Developers will also need to add the plan node type into the OptRelNodeTyp enum, implement is_plan_node and is_expression for them, and implement the explain format in explain.

Expressions

SQL Expressions are also a kind of RelNode. We have binary expressions, function calls, etc. in the representation.

Notably, we convert all column references into column indexes in the Datafusion bridge. For example, if Datafusion yields a logical plan of:

LogicalJoin { a = b }
  Scan t1 [a, v1, v2]
  Scan t2 [b, v3, v4]

It will be converted to:

LogicalJoin { #0 = #3 }
  Scan t1 
  Scan t2

in the optd representation.

For SQL expressions, the optd Datafusion representation does not do cost-based searches on expressions, though this is supported in optd-core. Each SQL expression can only have one binding in the current implementation.

Explain

We use risinglightdb's pretty-xmlish crate and implement a custom explain format for Datafusion plan nodes.

#![allow(unused)]
fn main() {
PhysicalProjection { exprs: [ #0 ] }                                             
└── PhysicalHashJoin { join_type: Inner, left_keys: [ #0 ], right_keys: [ #0 ] } 
    ├── PhysicalProjection { exprs: [ #0 ] }                                     
    │   └── PhysicalScan { table: t1 }                                           
    └── PhysicalProjection { exprs: [ #0 ] }                                     
        └── PhysicalScan { table: t2 }
}

This is different from the default Lisp-representation of the RelNode.

Rules

Currently, we have a few rules that pulls filters and projections up and down through joins.

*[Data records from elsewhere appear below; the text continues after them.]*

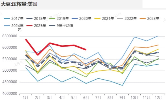 6月中上旬,美国环境保护署(EPA)提议将2026年和2027年生物质柴油BBD掺混义务分别上调至56.1亿加仑和58.6亿加仑,高于此前市场预期的46.5亿加仑和52.5亿加仑。如果按照提议实施,美豆将新增压榨消费近1000万吨。该提议公布前后,CBOT豆油涨幅超过15%。
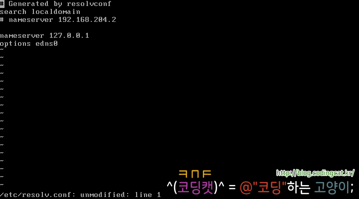 그리고나서 vi로 /etc/resolv.conf를 수정한다. 127.0.0.1를 참조하는 라인을 삭제하고, 공유기 아이피 주소에 붙은 주석을 해제한다.
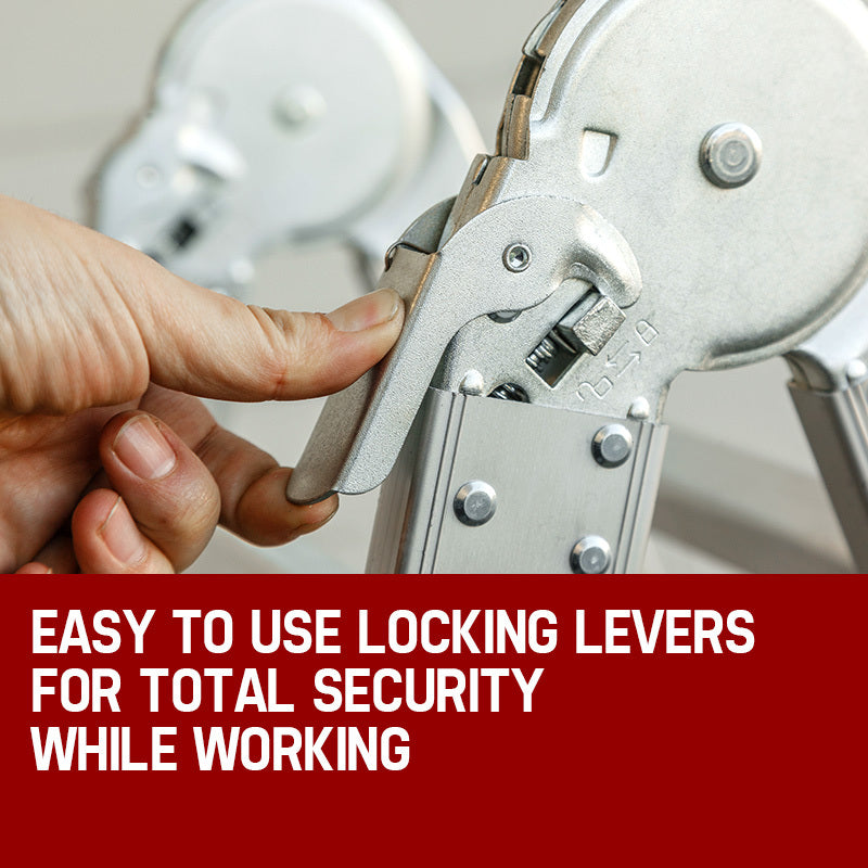Constructed From Strong Yet Lightweight Aluminium Means It's Durable And Yet Still Easy To Carry And Set-Up. Quality Easy To Use Locking Levers Will Ensure You Can Set-Up And Pack-Up With Ease And Be Sure Of Total Stability While You Work. While The Rubber Feet Provide Slip Resistance And Protect Flooring From Damage.

Also, we have join assoc and join commute rules to reorder the joins.

Properties

We have the Schema property that will be used in the optimizer rules to determine number of columns of each plan nodes so that we can rewrite column reference expressions correctly.

Cost Model

We have a simple cost model that computes I/O cost and compute cost based on number of rows of the children plan nodes.

Cardinality Estimation

As per Leis 2015, we define cardinality estimation to be a separate component from the cost model. Statistics are considered a part of the cardinality estimation component. The internal name for our cardinality estimation component is Gungnir™. Gungnir is the mythical spear wielded by Odin which adaptively changes course mid-air so as to never miss its mark. It represents both the accuracy and adaptivity of our cardinality estimation subsystem.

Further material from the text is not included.